*Aim of the exercise*
Within the entries below, find the portion that opens with the line containing "きょう3月9日は、3(サン)" and closes with the line containing "Clayre & Eef". Retype that portion exactly and only.

*Material for this task*
----------

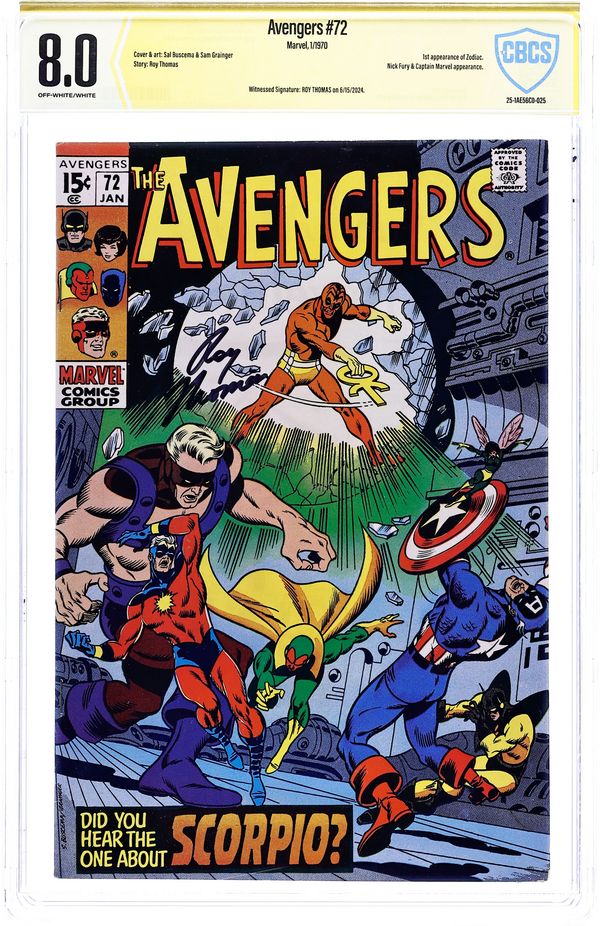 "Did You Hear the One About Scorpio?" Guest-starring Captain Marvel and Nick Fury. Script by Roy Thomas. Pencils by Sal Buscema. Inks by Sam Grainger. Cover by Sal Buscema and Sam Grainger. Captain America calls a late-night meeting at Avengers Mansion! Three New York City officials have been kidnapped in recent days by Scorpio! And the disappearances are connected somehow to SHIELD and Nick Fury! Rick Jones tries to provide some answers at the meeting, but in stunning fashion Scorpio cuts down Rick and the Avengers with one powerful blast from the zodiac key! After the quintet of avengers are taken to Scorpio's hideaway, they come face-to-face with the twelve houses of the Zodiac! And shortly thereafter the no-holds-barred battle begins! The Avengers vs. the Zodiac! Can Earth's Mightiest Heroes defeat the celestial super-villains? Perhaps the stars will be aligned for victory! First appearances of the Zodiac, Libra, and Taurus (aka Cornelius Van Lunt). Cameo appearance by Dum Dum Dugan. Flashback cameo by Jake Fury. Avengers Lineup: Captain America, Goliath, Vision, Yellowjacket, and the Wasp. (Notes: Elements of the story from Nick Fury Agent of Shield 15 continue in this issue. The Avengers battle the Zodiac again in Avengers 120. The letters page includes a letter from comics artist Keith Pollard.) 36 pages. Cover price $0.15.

----------

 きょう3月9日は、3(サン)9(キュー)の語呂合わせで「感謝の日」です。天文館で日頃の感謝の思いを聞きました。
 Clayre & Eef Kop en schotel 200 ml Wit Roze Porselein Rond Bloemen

----------

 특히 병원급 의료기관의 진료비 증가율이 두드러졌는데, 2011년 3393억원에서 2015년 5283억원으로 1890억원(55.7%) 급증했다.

----------

*Written solution*
 きょう3月9日は、3(サン)9(キュー)の語呂合わせで「感謝の日」です。天文館で日頃の感謝の思いを聞きました。
 Clayre & Eef Kop en schotel 200 ml Wit Roze Porselein Rond Bloemen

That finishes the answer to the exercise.